そう感じれるほど、彼の言葉と態度には強さがあった。
「……分かりました」
海斗は一瞬の逡巡の後、返事をした。
「はい!」
それを聞いて鏡花は即答する、その瞳はまっすぐに力強かった。
「ありがとうございます! では、早速ですが作戦を……」
「あのっ……!」
オレはブライアンさんの声を遮るように話しかけた。
「自分にも何かできる事はありませんか?」
「キミは……カイト君達と仲のいいシンゴさん、だよね?」
ブライアンさんからすれば、オレという存在はその程度の物なのかと、なんだか二人との差を感じてしまう。

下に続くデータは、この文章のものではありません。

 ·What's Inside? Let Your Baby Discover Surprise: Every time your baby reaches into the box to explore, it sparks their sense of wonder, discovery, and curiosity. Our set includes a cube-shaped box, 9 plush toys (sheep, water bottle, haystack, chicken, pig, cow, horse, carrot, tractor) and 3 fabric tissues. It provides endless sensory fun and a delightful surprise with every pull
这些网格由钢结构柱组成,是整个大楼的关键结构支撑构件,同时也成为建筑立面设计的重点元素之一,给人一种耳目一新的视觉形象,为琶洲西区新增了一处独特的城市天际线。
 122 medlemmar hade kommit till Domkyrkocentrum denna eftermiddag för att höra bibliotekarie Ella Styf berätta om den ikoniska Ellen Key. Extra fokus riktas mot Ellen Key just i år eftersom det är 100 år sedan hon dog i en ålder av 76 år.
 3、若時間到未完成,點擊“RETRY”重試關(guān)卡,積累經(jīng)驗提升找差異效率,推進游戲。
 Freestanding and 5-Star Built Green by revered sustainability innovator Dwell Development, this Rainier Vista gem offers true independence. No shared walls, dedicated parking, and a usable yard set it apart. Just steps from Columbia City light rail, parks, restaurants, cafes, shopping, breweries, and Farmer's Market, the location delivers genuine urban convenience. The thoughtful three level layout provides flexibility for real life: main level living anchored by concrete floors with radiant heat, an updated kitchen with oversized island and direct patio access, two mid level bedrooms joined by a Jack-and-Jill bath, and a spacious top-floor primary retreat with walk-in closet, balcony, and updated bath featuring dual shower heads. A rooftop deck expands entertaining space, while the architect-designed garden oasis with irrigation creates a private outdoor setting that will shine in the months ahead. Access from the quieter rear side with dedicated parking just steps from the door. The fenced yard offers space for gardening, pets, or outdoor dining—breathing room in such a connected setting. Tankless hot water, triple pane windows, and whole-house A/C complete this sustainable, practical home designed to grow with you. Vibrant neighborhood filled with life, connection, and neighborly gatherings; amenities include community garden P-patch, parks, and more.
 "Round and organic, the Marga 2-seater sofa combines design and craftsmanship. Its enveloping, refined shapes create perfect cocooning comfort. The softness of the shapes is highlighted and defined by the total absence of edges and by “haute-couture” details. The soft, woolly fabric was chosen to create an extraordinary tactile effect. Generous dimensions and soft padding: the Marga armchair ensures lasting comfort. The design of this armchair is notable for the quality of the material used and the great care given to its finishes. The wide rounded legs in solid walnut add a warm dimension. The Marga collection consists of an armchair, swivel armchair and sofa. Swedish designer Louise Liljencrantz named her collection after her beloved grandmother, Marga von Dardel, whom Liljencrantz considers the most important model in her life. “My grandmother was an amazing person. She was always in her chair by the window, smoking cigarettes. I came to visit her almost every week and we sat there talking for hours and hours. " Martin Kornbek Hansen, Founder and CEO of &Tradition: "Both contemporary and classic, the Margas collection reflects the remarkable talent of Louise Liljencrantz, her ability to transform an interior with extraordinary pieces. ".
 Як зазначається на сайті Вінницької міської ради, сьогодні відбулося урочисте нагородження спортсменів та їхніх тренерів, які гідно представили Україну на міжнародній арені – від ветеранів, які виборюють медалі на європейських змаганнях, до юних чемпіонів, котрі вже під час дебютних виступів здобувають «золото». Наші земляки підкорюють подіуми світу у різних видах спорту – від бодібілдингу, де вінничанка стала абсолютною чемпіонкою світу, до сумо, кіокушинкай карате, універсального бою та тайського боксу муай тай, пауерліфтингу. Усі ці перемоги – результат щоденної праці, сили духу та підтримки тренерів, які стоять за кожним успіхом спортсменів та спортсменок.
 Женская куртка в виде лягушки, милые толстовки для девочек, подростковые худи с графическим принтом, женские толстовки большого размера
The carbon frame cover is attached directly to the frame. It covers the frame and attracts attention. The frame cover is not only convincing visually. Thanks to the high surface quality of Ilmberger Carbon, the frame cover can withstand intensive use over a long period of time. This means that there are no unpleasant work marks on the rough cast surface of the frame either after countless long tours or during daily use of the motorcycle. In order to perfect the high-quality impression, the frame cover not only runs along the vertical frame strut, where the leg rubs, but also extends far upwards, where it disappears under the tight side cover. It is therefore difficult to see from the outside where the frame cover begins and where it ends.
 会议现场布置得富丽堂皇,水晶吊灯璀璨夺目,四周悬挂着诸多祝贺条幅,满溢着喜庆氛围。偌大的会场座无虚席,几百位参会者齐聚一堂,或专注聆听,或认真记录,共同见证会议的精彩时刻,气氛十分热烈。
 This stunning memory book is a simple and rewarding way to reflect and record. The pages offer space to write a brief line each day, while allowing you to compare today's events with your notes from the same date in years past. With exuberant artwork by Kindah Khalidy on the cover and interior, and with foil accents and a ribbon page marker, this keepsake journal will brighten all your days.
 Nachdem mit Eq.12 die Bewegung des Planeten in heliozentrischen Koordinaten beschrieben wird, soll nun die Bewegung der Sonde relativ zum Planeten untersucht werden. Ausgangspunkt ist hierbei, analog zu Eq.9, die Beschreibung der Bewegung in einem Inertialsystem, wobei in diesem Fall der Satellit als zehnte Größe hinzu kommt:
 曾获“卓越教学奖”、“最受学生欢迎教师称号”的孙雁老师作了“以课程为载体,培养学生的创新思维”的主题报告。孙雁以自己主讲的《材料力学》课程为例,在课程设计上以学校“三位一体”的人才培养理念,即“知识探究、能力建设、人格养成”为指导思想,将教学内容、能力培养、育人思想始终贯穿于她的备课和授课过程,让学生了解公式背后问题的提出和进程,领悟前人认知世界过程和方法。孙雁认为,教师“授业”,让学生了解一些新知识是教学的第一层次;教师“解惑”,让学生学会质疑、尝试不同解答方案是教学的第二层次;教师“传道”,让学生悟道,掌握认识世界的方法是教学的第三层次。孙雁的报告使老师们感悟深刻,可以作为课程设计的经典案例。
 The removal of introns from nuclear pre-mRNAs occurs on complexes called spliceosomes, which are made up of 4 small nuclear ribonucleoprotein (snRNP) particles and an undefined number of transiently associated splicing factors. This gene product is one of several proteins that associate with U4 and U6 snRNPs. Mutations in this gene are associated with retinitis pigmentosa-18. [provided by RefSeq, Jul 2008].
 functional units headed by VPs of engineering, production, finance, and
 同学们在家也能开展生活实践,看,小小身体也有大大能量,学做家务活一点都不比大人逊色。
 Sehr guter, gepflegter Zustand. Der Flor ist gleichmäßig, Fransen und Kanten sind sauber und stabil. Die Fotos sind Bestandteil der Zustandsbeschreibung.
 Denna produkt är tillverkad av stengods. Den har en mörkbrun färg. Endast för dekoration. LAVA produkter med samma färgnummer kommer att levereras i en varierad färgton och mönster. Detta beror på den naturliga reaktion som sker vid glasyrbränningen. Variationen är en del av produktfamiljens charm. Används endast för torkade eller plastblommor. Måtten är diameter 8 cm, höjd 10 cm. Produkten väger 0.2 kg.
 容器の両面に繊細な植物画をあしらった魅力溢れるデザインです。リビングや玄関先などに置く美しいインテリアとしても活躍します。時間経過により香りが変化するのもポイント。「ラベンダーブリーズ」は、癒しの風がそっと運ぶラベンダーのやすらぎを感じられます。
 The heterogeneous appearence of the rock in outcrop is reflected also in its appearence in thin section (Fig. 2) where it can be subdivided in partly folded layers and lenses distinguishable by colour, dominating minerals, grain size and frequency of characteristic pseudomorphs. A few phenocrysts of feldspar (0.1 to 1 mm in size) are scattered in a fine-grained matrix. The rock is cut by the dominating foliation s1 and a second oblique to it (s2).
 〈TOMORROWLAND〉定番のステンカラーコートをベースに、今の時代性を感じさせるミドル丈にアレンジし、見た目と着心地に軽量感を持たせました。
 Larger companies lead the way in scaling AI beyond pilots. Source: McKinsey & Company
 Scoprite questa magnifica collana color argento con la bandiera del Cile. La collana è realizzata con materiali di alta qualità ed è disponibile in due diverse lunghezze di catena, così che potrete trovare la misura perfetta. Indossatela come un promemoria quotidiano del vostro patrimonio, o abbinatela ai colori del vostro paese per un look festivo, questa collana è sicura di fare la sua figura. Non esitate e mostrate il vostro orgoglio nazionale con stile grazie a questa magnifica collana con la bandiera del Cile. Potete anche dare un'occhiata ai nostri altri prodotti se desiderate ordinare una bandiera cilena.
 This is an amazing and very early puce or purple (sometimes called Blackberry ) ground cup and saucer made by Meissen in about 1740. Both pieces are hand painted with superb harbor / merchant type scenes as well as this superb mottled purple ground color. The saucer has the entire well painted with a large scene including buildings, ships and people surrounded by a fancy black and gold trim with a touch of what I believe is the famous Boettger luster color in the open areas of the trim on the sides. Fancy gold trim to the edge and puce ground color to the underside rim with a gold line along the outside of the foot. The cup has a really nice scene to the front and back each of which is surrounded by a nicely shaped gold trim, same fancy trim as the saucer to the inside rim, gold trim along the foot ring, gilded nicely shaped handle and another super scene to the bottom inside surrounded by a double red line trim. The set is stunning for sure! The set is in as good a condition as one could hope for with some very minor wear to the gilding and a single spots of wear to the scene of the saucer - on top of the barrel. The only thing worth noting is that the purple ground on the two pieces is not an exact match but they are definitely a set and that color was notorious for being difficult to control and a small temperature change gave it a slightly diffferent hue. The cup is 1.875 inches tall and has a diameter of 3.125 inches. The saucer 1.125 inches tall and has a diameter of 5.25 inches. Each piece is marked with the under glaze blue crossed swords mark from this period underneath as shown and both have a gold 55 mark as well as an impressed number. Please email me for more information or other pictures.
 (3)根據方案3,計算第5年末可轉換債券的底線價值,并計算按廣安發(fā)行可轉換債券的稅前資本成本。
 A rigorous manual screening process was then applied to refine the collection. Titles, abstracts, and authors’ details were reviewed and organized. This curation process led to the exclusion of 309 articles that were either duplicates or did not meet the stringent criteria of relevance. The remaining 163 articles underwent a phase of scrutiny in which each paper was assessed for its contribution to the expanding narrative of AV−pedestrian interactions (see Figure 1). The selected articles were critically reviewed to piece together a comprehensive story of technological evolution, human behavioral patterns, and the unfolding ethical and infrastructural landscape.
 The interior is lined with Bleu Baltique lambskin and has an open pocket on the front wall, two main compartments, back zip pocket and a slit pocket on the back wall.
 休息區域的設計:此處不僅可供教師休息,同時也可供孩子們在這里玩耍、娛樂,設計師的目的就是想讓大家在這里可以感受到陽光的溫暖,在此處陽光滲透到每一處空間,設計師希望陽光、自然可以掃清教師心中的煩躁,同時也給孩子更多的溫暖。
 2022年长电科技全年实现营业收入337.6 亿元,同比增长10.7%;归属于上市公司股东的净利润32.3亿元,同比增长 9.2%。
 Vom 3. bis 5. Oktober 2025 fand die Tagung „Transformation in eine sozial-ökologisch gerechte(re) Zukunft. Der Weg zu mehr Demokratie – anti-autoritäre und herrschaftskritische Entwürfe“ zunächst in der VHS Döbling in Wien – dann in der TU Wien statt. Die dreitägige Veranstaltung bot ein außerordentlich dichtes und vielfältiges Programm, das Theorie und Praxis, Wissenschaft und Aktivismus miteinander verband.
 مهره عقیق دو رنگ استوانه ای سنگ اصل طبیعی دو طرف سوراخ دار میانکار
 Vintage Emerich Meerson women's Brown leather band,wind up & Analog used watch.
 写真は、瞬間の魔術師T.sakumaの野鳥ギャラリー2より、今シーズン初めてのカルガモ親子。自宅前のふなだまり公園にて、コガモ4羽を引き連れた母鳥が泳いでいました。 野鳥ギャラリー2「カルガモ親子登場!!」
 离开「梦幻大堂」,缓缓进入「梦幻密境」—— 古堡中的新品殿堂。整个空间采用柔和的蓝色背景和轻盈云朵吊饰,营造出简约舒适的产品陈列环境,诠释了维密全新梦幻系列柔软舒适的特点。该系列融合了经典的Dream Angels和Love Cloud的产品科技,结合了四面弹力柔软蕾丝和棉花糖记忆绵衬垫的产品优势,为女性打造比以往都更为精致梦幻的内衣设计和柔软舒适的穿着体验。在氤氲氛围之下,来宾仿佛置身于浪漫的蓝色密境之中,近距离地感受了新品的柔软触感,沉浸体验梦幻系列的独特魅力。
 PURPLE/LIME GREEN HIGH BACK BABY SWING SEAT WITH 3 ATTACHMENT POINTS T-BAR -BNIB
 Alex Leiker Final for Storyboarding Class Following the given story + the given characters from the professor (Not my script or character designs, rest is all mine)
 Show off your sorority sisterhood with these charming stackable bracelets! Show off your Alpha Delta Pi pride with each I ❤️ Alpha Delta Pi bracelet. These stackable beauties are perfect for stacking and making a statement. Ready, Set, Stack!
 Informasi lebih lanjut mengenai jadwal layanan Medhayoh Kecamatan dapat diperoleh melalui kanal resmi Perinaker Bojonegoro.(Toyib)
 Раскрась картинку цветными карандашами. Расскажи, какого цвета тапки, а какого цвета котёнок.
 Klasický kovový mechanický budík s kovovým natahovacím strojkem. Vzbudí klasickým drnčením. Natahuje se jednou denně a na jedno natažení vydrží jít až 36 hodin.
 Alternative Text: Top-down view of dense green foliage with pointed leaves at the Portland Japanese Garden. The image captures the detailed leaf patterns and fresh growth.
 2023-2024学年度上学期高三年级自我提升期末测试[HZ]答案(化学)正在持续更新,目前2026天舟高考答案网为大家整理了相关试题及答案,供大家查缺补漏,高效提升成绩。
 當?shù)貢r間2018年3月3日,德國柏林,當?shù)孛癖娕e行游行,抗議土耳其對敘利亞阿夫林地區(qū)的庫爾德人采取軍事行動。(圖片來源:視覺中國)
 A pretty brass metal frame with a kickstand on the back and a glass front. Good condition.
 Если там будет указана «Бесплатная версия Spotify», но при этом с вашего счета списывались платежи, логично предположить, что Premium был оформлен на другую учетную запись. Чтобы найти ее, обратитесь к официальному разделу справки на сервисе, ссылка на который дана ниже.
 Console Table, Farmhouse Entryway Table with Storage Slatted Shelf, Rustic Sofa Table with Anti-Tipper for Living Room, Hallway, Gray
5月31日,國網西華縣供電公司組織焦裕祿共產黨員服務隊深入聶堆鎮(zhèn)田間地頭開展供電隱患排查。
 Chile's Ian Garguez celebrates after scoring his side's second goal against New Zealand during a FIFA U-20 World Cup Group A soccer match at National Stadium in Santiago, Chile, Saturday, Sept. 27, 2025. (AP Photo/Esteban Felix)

勇者と魔王。そんなのとは比べようにもならない『無職』 という職業。
ここ一か月で暮らして分かったのは職業の差はどうやっても埋められないという事実で、料理人であるマリさんが一瞬で出来るゆで卵の殻剥きをオレは1時間かけようと綺麗に剥く事は出来なかった。釘打ちも必ず釘が曲がってしまう、これはいくら練習してもどうにもならない事だそうだ。
だけど……そんな自分にも何かできれば……
「君は……」
ブライアンさんは重々しく話す、やはり難しいのだろう。
「いえ、彼の力も必要よ」
ブライアンさんの言葉を遮るように、ソフィーが話す。
「さっきは急いでいて話せなかったけど、あの奇怪樹を止めたチカラ。それは間違いなく、この世界の中でもトップクラスの異質で貴重な能力だと思うわ。それがどんな結果をもたらすかは分からないけど、切り札にもなりえるはずよ」
そうだ。気絶してそのままここに来たから忘れていたけど、奇怪樹と戦った時に出たアレは一体? 腕から伸びた木の枝を自分の意志で動かしていた感覚はあるのだけど。
「アレは、ソフィーさんも知らない事なんですか?」
その問いに彼女は首を縦に動かす。
「私にはあなたの腕が地中に刺さっていたように見えたわ、そしてその直後に土を破って現れた奇怪樹の枝。どういうことなの?」
「あの枝は……オレの腕なんだと思います。そう感じました」
あの時の自分には腕が伸びて奇怪樹の枝を折った感覚が間違いなくあった。
「枝が腕? 何の事だい?」
ブライアンさんが尋ねるが「ちょっと待って」 と、止める。
「つまり、シンゴくんの腕が奇怪樹の枝になったって言うの? だとしたら、変化か変身? そんな事が出来るなんて相当の魔術師か精霊人でも無いと……でも……」
ブツブツと何かを呟きながら、部屋をウロウロと歩き始めた。
「あ、あのっ……」
そういうオレを制する様に、ブライアンさんが右手の平をこちらに向ける。
「ああなったソフィーは、そう簡単に人の話を聞いてくれませんよ。それとソフィーがああまで言うのならば、私はあなたを信用しますよ。どうかお二人と一緒に、お力をお貸しください、シンゴさん」
彼は手を差し伸べてくる。
「こちらこそお願いします」
その手を握り返した。
「代表! 一体なんだというのだ! こんな不躾に、名誉あるクリューゲン家のゲスタフをホイホイと呼び出されては困る!」
四十代くらいの小太りな男性が、ドアを乱暴に開くと同時にブライアンさんへの文句を言う。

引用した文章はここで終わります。